Broadly speaking, and subject to a number of exceptions, Listing Rule 7.1 limits the amount of equity securities that a listed company can issue without the approval of its shareholders over any 12-month period to 15% of the fully paid ordinary securities it had on issue at the start of that period.
Issues of equity securities to persons under an ESS would ordinarily reduce a company’s available placement capacity under Listing Rule 7.1, i.e., it would eat away at that available 15%.
However, Listing Rule 7.2 exception 13(b) excludes from the placement capacity restrictions in Listing Rule 7.1 an issue of securities under an ESS if within three years before the issue date the holders of the entity’s ordinary securities have approved the issue of securities under the scheme as a Listing Rule 7.2 exception.
It follows that in order to avoid ESS offers eating into that 15% yearly placement capacity, companies may wish to arrange for shareholder approval of the maximum number of securities proposed to be issued under the scheme (over a three-year period).
In light of the ESS Act, this maximum number, when represented as a percentage of issued share capital, should ideally match any newly specified issue cap.
With AGM season upon us, it would be wise to include a resolution seeking such shareholder approval at upcoming AGMs.
Next Steps
For those companies and registered schemes which have existing ESS policies and offer documentation, they will need to update these to ensure the entity is afforded the relief provided by the new regime.
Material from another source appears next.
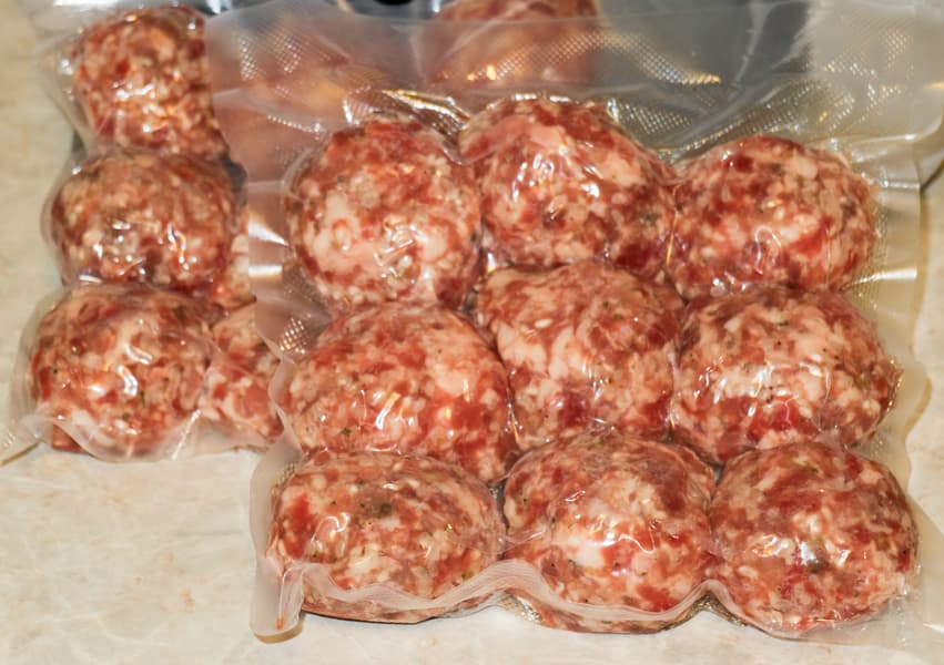 Немного подморозили, чтобы мясные кусочки не потеряли форму, и завакуумировали. Отличный полуфабрикат для приготовления горячей и свежей пищи в будние дни. Главное — подольше тушить или готовить под давлением.
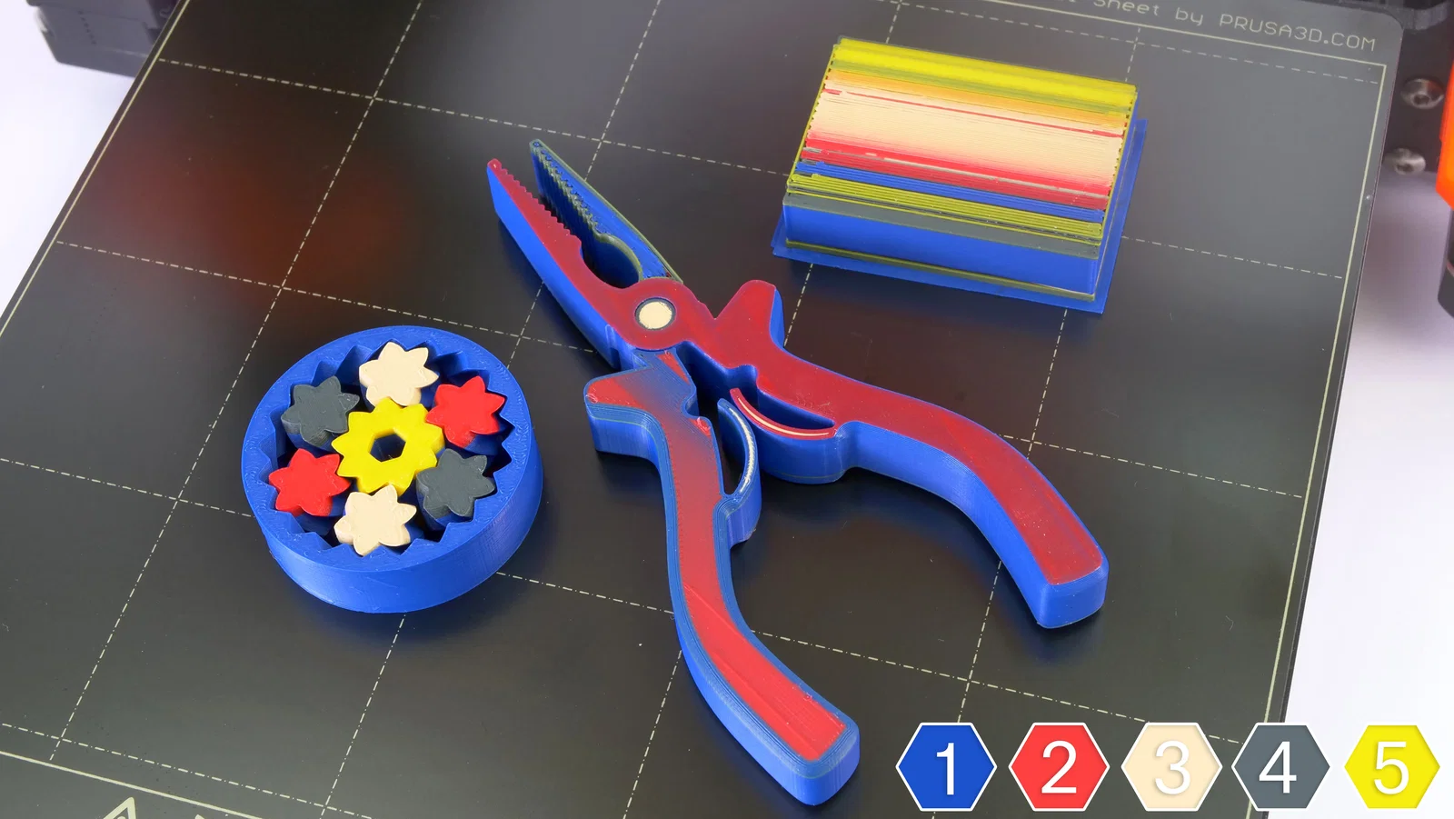 Thời gian in mất khoảng 5 tiếng ở độ cao lớp in 200 µm với 5 loại vật liệu khác nhau. Ext. 1 – Xanh dương Ext. 2 – Đỏ Ext. 3 – Xanh lá Ext. 4 – Vàng

Companies may also wish to amend their constitution to increase the issue cap in order to allow them to issue a greater percentage of their share capital under an ESS.
For many unlisted companies, the relaxation of the qualification requirements will mean they can soon implement an ESS where previously they could not, meaning new ESS policies and offer documentation will need drafting from scratch.
For entities making offers under their ESS in the meantime, they will need to continue to comply with the existing law, including relying on the current Class Orders where their conditions can be met.